The kinetic energy of an object is the energy which it possesses due to its motion. It is defined as the work needed to accelerate a body of a given mass from rest to its stated velocity. Having gained this energy during its acceleration, the body maintains this kinetic energy unless its speed changes. The same amount of work is done by the body in decelerating from its current speed to a state of rest. In classical mechanics, the kinetic energy of a non-rotating object of mass m traveling at a speed $v$ is $\frac{1}{2}mv^2$.

Let's say you & your bike have mass of 100kgs, then your kinetic energy at 10m/s would be

$$ E_a = 1/2 \times 100 \times 10^2 = 5000J = 5kJ$$

If you apply another 5kJ of energy, you don't get to 20m/s though, you only get to:

$$ E_b = 10000J =1/2 \times 100 \times V_b^2$$ $$\implies V_b = \sqrt{10000 / (1/2 \times 100)} = √200 = 14.14m/s$$

Let's say you and a buddy are both coasting along at 10m/s though, from their perspective you've just burned 5kJ but only accelerated 4.1m/s, even though you seemed stationary.

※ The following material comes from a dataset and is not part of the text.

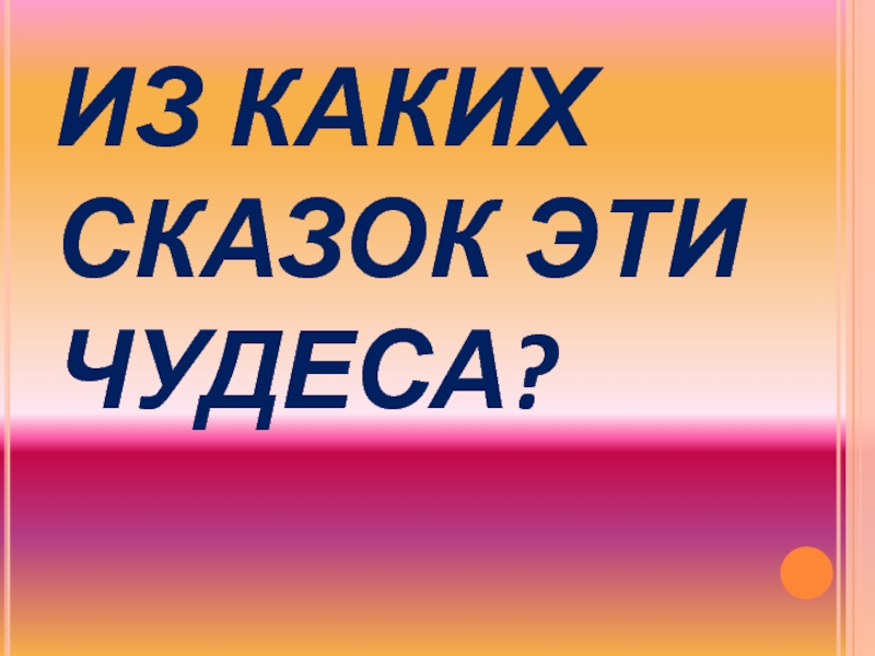Слайд 12ИЗ КАКИХ СКАЗОК ЭТИ ЧУДЕСА?

Imagine you and your mate are in space drifting along together, at an unknown speed. Your mate fires his burners and accelerates away from you. There's a big screen on his ship showing how many joules of energy he just burned, and you can measure his resulting relative velocity just fine.

The question is, Will 5kJ of energy always produce 10m/s of relative velocity,,assuming 100kg spaceships?

If 5kJ always produces 10m/s, Why does the second 5kJ only produce 4.1m/s? What is going on here?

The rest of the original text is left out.